Assumant le risque de la subjectivité, des biais et des errements, Damasio fait sienne la formule de Montaigne et s’emploie à « limer sa cervelle sur celle d’autrui ». Développeurs, sociologues, artistes livrent leurs point de vue, éclairent tour à tour une facette de l’homo numericus. Le climat des conversations est restitué avec justesse, celles-ci conviant le lecteur à s’immerger par procuration dans les entrailles de la vallée du silicium.

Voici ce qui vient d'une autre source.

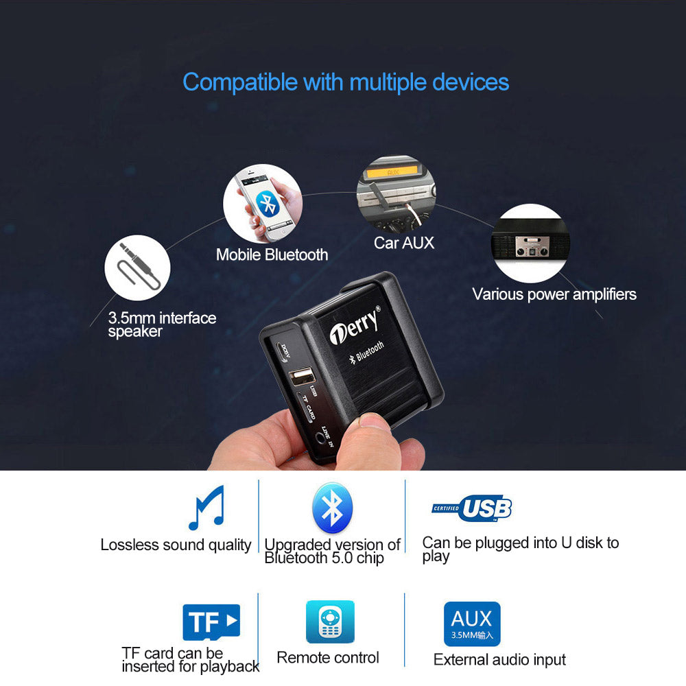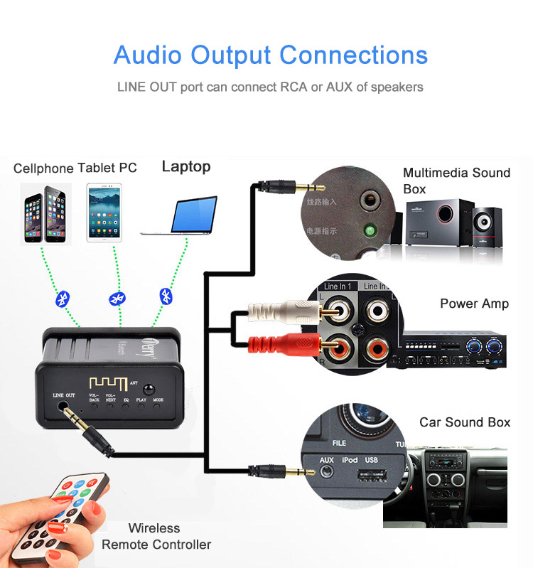- Compatible with cellphone Bluetooth, 3.5mm sound box, AUX audio interface car sound box, conventional power amp, etc.
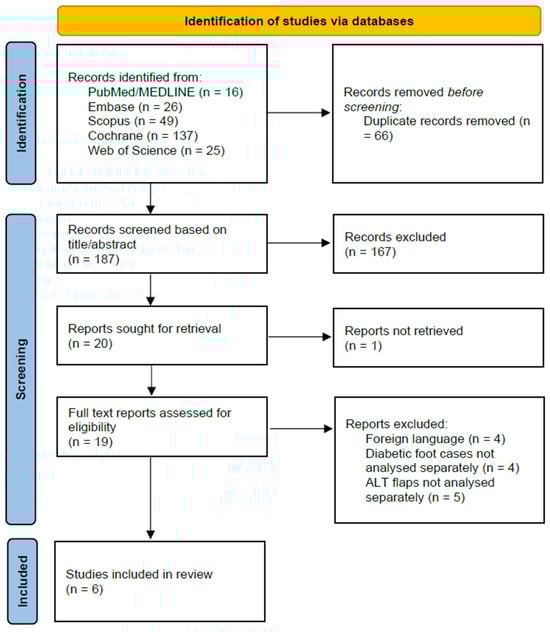 (‘diabetic foot’/exp OR (diabetic foot OR diabetic feet OR foot ulcer* OR diabetic ulcer* OR Charcot foot).ti,ab,kw.) AND (‘free tissue flap’/exp OR (free flap* OR free tissue transfer* OR microsurg*).ti,ab,kw.) AND (anterolateral thigh OR ALT OR ALT flap*).ti,ab,kw. AND (foot OR feet OR pedal OR plantar OR ankle).ti,ab,kw.
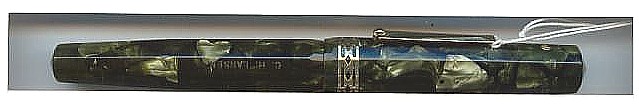 | Besonderheiten - Particularities | DER KLASSIKER UNTER DEN ART-DECO-FÜLLERN: 12-seitig facettierter Hebelfüller in Übergröße. Frühe Ausführung mit Roller-Clip. Oberfläche glänzend und ohne tiefe Kratzer, keine Risse oder Brüche.Sehr schöne Farbe. Vergoldungen an Clip, Kappenband und Hebel sehr gut erhalten. Hat im Schaft einen Namen in kleinen Buchstaben graviert. Kann auf Nachfrage entfernt werden. Sehr flexible Feder! Länge geschlossen: 13,9 cm mit aufgesetzter Kappe: 16,4 cm Ø am Kappenband 15 mm Benötigt einen neuen Schlauch zum Schreiben. (siehe Lambrou, Fountain Pens o.t. World, S. 139) SELTEN! |
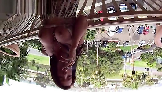 Dominatrix smokes on the balcony and uses a man as her ashtray
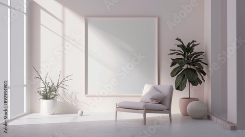 Fototapeta premium Nordic-inspired blank frame mockup. Simple interior design
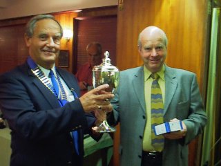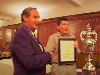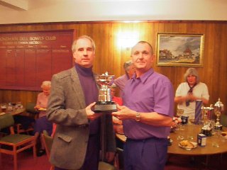 At the annual Dell prizegiving last evening, the club presented John Ottaawy with Honary Life membership to the Club. This is in recognition of his contribution to bowls at Club, County and National level over many years. A high point for John has been the winning of the EBA National Singles Championship at Worthing during August for the third time. A truely remarkable feat.
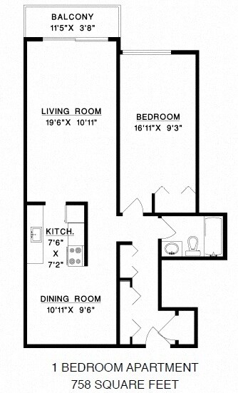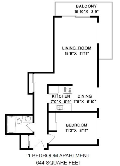 Shoreview 2 Bed 1 Bath B - Floorplan 1 Bridgeview 2 Bed 1 Bath B
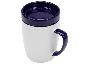 Белая керамическая кружка на 320 мл с яркого цвета ручкой - отличная основа под нанесение символики компании. В комплекте с кружкой идет крышка под цвет ручки, играющая также роль подставки и даже блюдца.
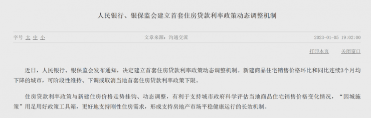 1月5日,央行、银保监会宣布建立首套住房贷款利率政策动态调整机制。
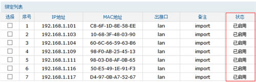 注意:如果勾选 仅允许IP MAC绑定的数据包通过路由器,则不在绑定列表或与绑定列表冲突的电脑不能上网及管理路由器。
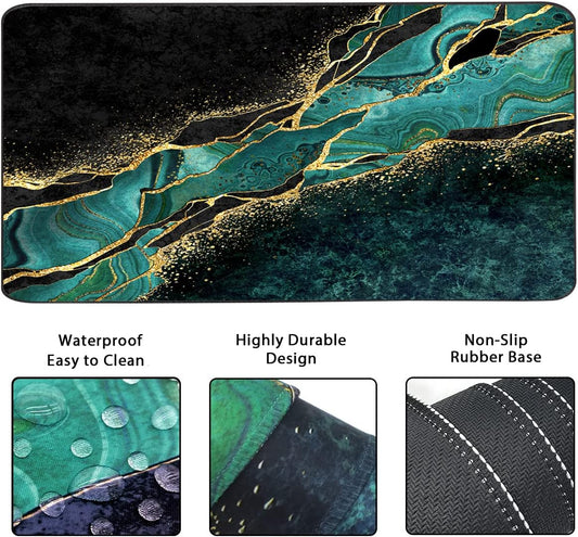 Keyboard Mouse Pad Set, Extended Mouse Pad+Keyboard Wrist Rest Support, Memory Foam Ergonomic Easy Typing, 3Pcs (35.4×15.7 in) Desk Pad Set for Home Office Study Game - Malachite Marble
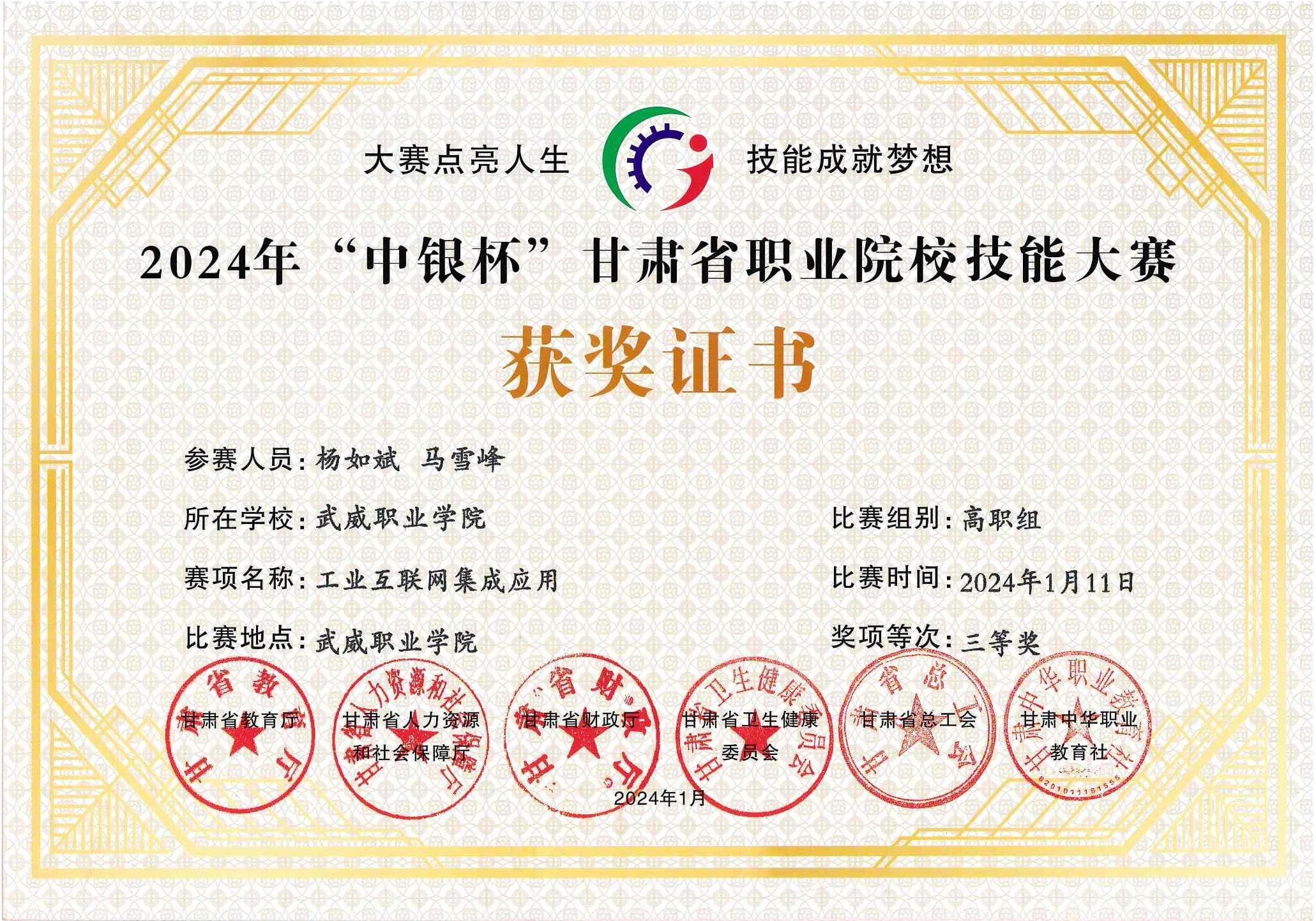 獲2024年“中銀杯”甘肅省職業(yè)院校技能大賽“三等獎(jiǎng)”
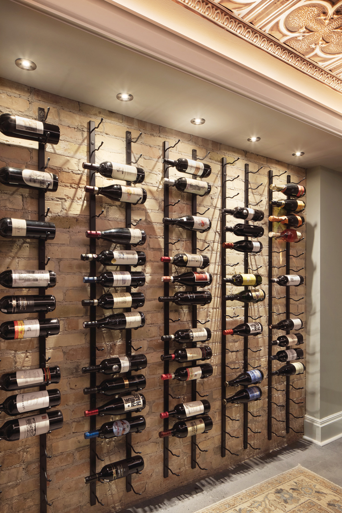“It still showcases and displays wine bottles artfully where the metal wine racking system allows the bottles to ‘float’ and be set off from the brick behind them,” he explains, adding that the Cream City brick is original to the home’s foundation. “But the display doesn’t necessarily take over the room.
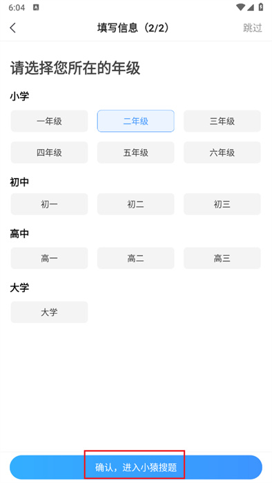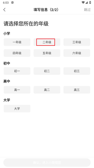 2、此时将需要进行年级的选择,可以按照个人的年级来进行选择。如【二年级】;
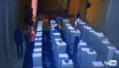 事故が起きたのは14th Factoryというアートギャラリー。王冠を飾った台座が並んでいる前で自撮りをしようと、女性が展示作品を背にして後ろに向きに進んだところ、背中が台座に当たって台座がドミノ倒しのように倒れていく様子が動画で公開されています。米メディアによると損害額は約20万ドル(2250万円)に上るとのこと。
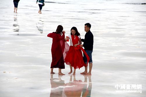 浩瀚的鹽湖。但因?yàn)橛酗L(fēng)而沒拍出理想的效果。大家不氣餒,爭取再上岸拍些美圖。(中國臺灣網(wǎng) 蕪?fù)?攝)

Là où le livre est moins convaincant, c’est lorsque l’essayiste s’oriente sur le terrain de la politique. Porté par un vitalisme un peu naïf, le propos peine à se dégager de la dialectique dystopie/utopie, avec le sombre miroir d’une société déshumanisée par la machine d’un côté et la figure du zadiste connecté en modèle d’évolution de l’autre. Ceci dit, à défaut de tracer un chemin, Damasio ouvre la perspective de fort belle manière.
Julie PROUST TANGUY :
OK Boomer
Les innovations technologiques nous empêchent-elles de créer des liens sociaux ? Le mésusage de la technologie finira-t-il par nous priver de notre humanité ?
Damasio se propose d’explorer, en quelques chroniques hybrides, notre assujettissement aux technologies et au numérique, leurs conséquences sur nos corps, nos psychés et notre capacité à faire communauté. Il cherche ainsi à offrir un pendant concret à l’univers tissé dans Les furtifs, son dernier roman, en revendiquant régulièrement, au fil des pages, son identité profonde de romancier (« M’intéresse suprêmement le sentier plutôt que la carte ; l’enfrichement de la forêt plutôt que son quadrillage ; le récit et ses arcs plutôt que la flèche de la thèse »).
Hélas, si l’auteur semblait initialement vouloir offrir des Lettres persanes technologiques, il semble plutôt faire figure de Candide dépassé par ce qu’il voit et peine à transmettre : son propos confus montre une compréhension mal digérée du discours marketing d’Apple et des GAFAM. Tout cela éblouira peut-être les personnes maîtrisant peu le sujet mais agacera prodigieusement ceux qui l’ont un peu exploré, étaient curieux de voir ce qu’un auteur de SF avait à dire sur le sujet et seront révoltés qu’un écrivain aussi ouvertement engagé ne remette pas davantage en cause les défaillances systémiques de la Tech.
Notons, enfin, que les cabrioles linguistiques auxquelles l’auteur nous a habitués depuis un quart de siècle rendent son propos d’autant plus confus : réjouissantes quand il s’agit d’accoucher/aboucher un univers, elles ne conviennent pas à une technocritique qui finit par ressembler à un exercice de style mal maîtrisé.